Ancak ABD eski Başkanı Donald Trump'ın son açıklamaları, Kremlin’in bu mesajının Washington'da beklenen etkiyi yaratmadığını gösteriyor. Trump, hafta sonu Truth Social platformunda yaptığı paylaşımda şu ifadeleri kullandı:

"Putin'in son günlerde Ukrayna'daki sivil bölgelere, şehirlere ve kasabalara füze atmasının hiçbir mantıklı açıklaması yok. Bu bana düşündürüyor ki, belki de Putin savaşı bitirmek istemiyor, sadece beni oyalıyor. Belki mesele 'bankacılık' ya da 'ikincil yaptırımlar' gibi başka yollarla çözülmeli. Çok fazla insan ölüyor!!!"

Bugün ise Rusya'dan yeni bir ateşkes önerisi geldi. Bu kez süre daha uzun: üç gün. Kremlin, insani gerekçeleri ön plana çıkararak bir kez daha iyi niyet gösterisi yapıyor gibi görünüyor. Ancak bu girişimin amacının Washington’a "barış isteyen taraf biziz" mesajı göndermek mi, yoksa Kremlin'in kendisini savaşın "iyi tarafı" olarak konumlandırma çabası mı olduğu belirsiz.

Her halükarda, Moskova’nın bu hamlesinin ABD yönetimi üzerinde şimdilik beklenen etkiyi yaratmadığı açık. Beyaz Saray Sözcüsü Karoline Leavitt, Rusya'nın ateşkes teklifinin not edildiğini belirterek, "Başkan [Donald Trump], öncelikle kalıcı bir ateşkes istiyor. Kan dökülmesi ve ölümler sona ermeli," dedi. Leavitt ayrıca, "Başkan, her iki ülkenin liderlerinden de giderek artan bir hayal kırıklığı duyuyor," sözleriyle Trump’ın sabrının azaldığına işaret etti.

Bu durum, Trump'ın son dönemde daha çok Ukrayna lideri Volodimir Zelenskiy'e yönelttiği eleştirilerden farklı bir çizgiye işaret ediyor. Geçtiğimiz ay Trump yönetimi, Rusya ve Ukrayna'nın koşulsuz ve 30 günlük kapsamlı bir ateşkesi kabul etmesi için baskı yapmıştı. O süreçte Ukrayna teklifi kabul etmiş, Rusya ise reddetmişti.

Şimdi ise Kremlin, sunduğu üç günlük ateşkes önerisini kullanarak Ukrayna’yı olumsuz gösterme çabasında.
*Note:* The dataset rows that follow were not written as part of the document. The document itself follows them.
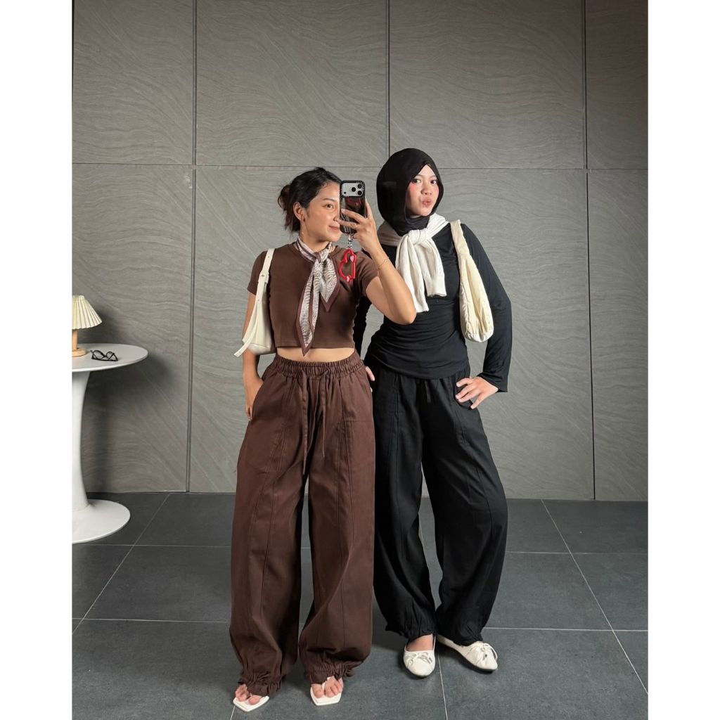BYACLOTH Celi Barrel Pants Celana Panjang Wide Leg Dengan Wrinkle Adjustable Wide Pants Celana Panjang Wanita Sporty Stretwear
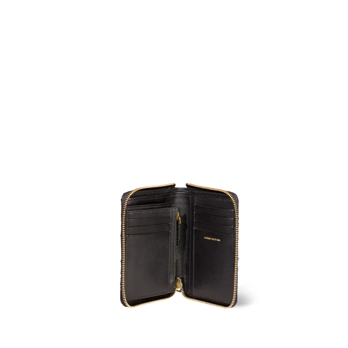 Fermeture entièrement zippée. Un compartiment monnaie zippé. Des emplacements cartes, billets, papiers d’identité.
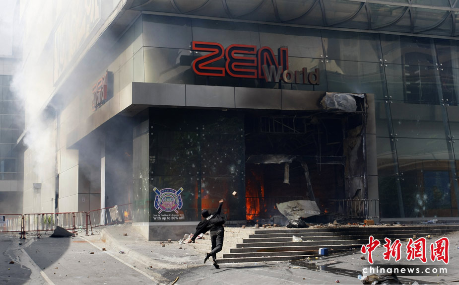 泰國軍方19日清場(chǎng),希望將陷入內(nèi)戰(zhàn)邊緣的曼谷拯救出來,雖然紅衫軍節(jié)節(jié)敗退,但有激進(jìn)分子未肯罷休,四處放火,電視臺(tái)、股票交易所、電力公司、幾間銀行、商場(chǎng)戲院都遭殃,商場(chǎng)和便利店亦成為搶掠目標(biāo)。據(jù)報(bào)曼谷有27處地方起火,泰國最大的商場(chǎng)Central World、Siam Square和Siam Paragon三大購物中心被縱火,其中Central World燒通頂,據(jù)報(bào)快將倒塌。
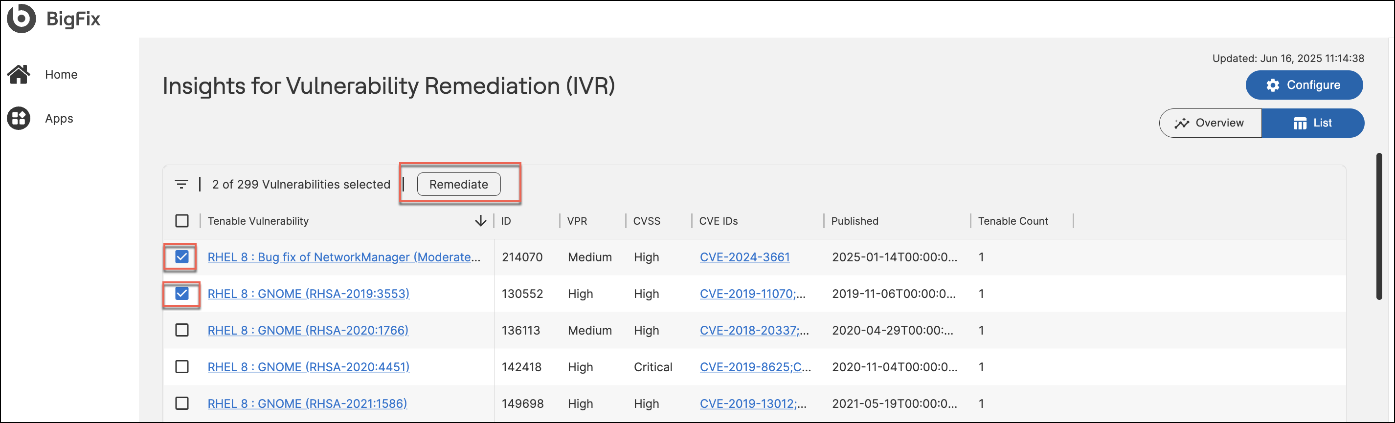 - From the IVR table that lists the Tenable Vulnerabilities, select one or more Vulnerabilities. The Remediate button becomes active.
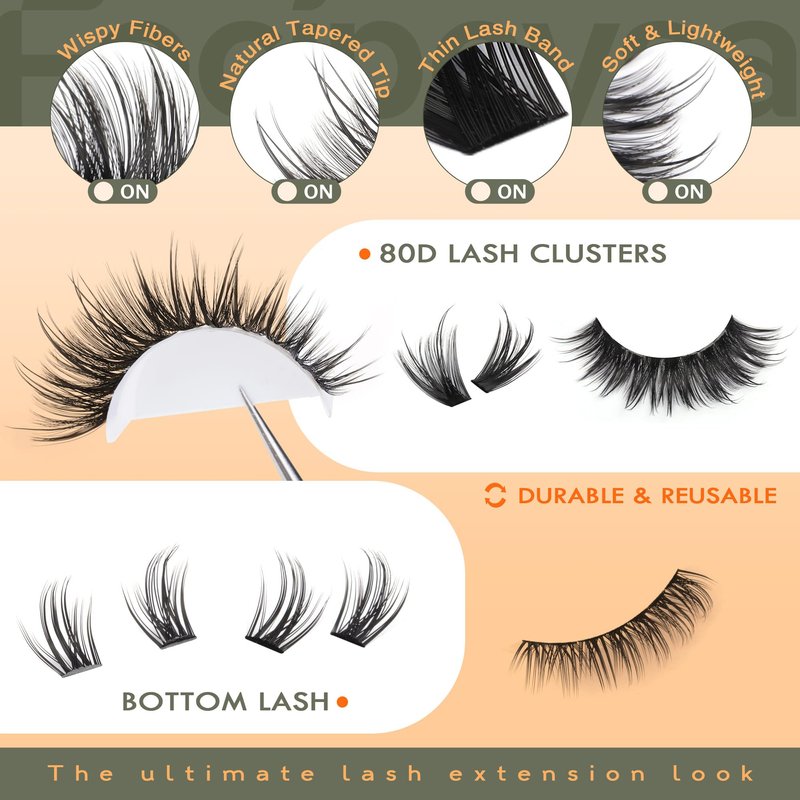 - DIY Eyelash Clusters for Beginners: The product revolutionizes the eyelash extension process by enabling users to achieve salon-quality results at home. With an easy-to-follow, 1 minute application process the clusters facilitate a stunning transformation for beauty enthusiasts of all skill levels
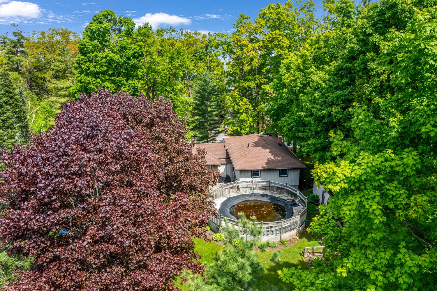 • Backyard features a 24-ft above-ground pool and detached workshop.
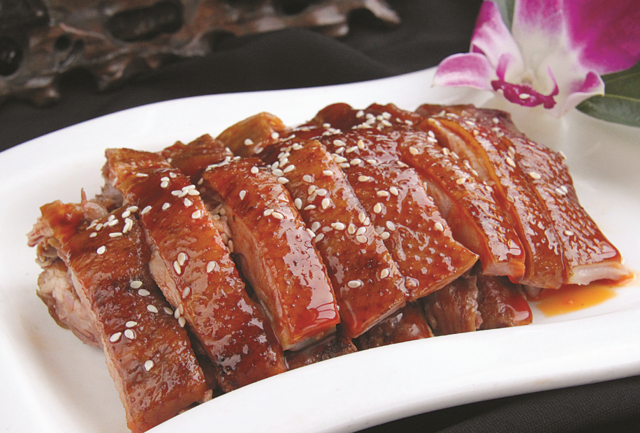 选用上等葵花鸭,经过特制的百年老腊卤汤料卤制而成。汤料的调制要求使用宣威火腿腊骨和百年老卤水合理搭配而成。产品特点:肥而不腻、色泽红亮、回味香浓。味型:腊香味。
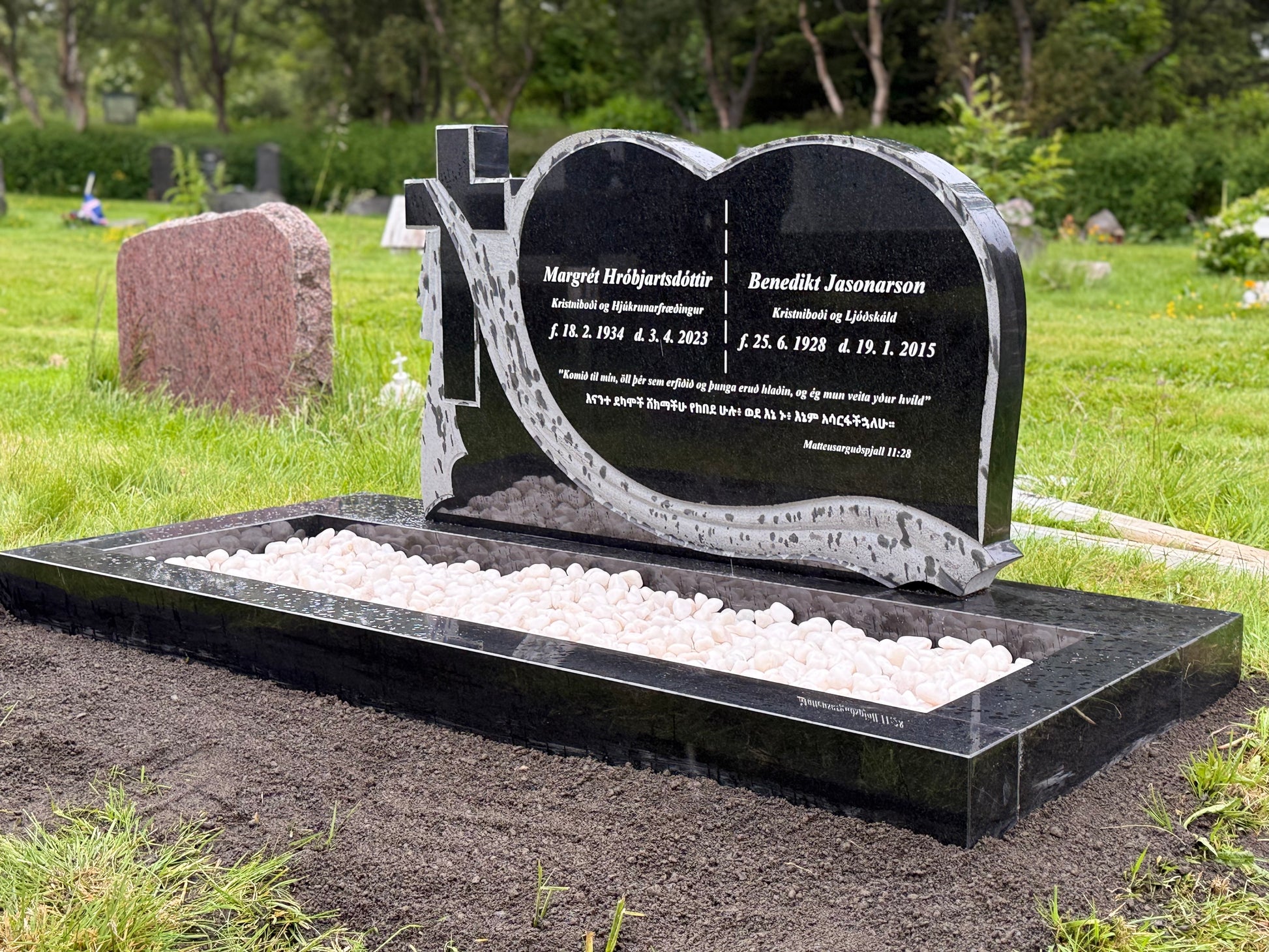 Uppsetning á höfuðborgarsvæðinu innifalin. Legsteinn sem hentar á hefðbundin, tvöföld/þreföld leiði.
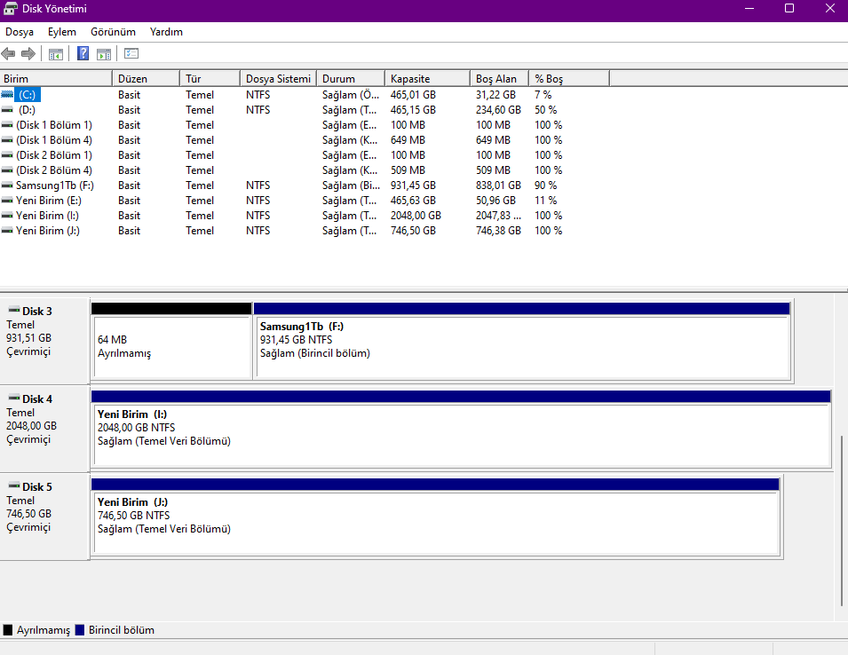 Disk Yöneticisindeki fotoğrafı referans aldığımda 3 TB hard diskinizin takılı olmadığını görüyorum. Tam oturttuğunuzdan emin misiniz?Bir tane 3 TB hard diskim var ama bilgisayar bunu 2 disk gibi görüyor. Dinamik disk olarak birleştirmeye çalışıyorum bu işlem nesne tarafından desteklenmiyor hatası alıyorum.
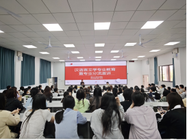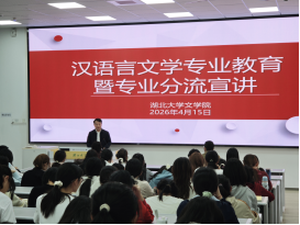 为帮助2025级本科生全面了解专业分流政策、明晰各专业方向培养特色,解答学生在专业选择上的困惑与疑问,4月15日下午,湖北大学文学院在长江新区校区问津楼B300教室举办2025级汉语言文学专业教育暨专业分流宣讲会。文学院院长张鹏飞、党委副书记张程、副院长彭安湘,专业负责人、班主任、教学秘书及2025级全体本科生(含师范生)参加会议。会议由彭安湘副院长主持。
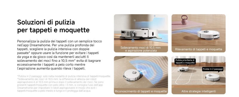 Per la cura dei tappeti, il robot vanta un sistema di riconoscimento a ultrasuoni che identifica automaticamente tappeti e moquette, sollevando i mop fino a 10,5 mm per evitare di bagnarli.
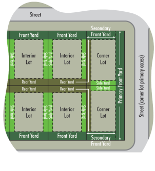 Front (corner lot): The lot line along the primary access street, typically the street to which the address is assigned.
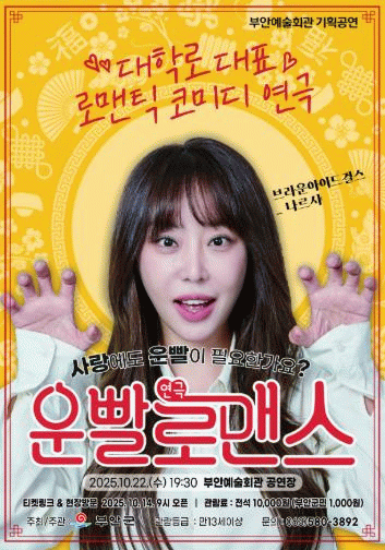 연극 ‘운빨로맨스’는 예측할 수 없는 운명과 사랑의 만남을 그린 로맨틱 코미디다.
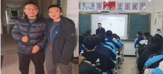 那一刻,我仿佛又回到了那段求知若渴的青葱岁月。刘老师与我亲切地交谈,询问我毕业后的生活与学习情况,鼓励我继续努力拼搏,为社会做出更大的贡献。我也向刘老师汇报了自己近年来的成长与收获,。随后,我将目光转向了高一 5 班的全体同学。看着他们充满朝气与活力的面庞,我仿佛看到了当年的自己。我与同学们分享了自己的高中学习经历,讲述了在学习过程中遇到的困难与挑战,以及如何克服这些难题。同时,我也向他们介绍了大学生活丰富多彩的一面,让他们对大学充满向往,激发他们为实现梦想而努力奋斗的动力。

Rus parlamentosunun alt kanadı Duma'nın Başkanı Vyaçeslav Volodin, devlet televizyonuna yaptığı açıklamada, "Zelenskiy'nin başkanımızın ateşkes kararını desteklemesi şüpheli," diyerek Ukrayna yönetimine yönelik kuşkuların altını çizdi.

Sonuç olarak, yeni kısa süreli ateşkes ilanı, barış umutlarını güçlendirmekten çok, taraflar arasındaki güvensizliği daha da derinleştiren bir gelişme gibi görünüyor.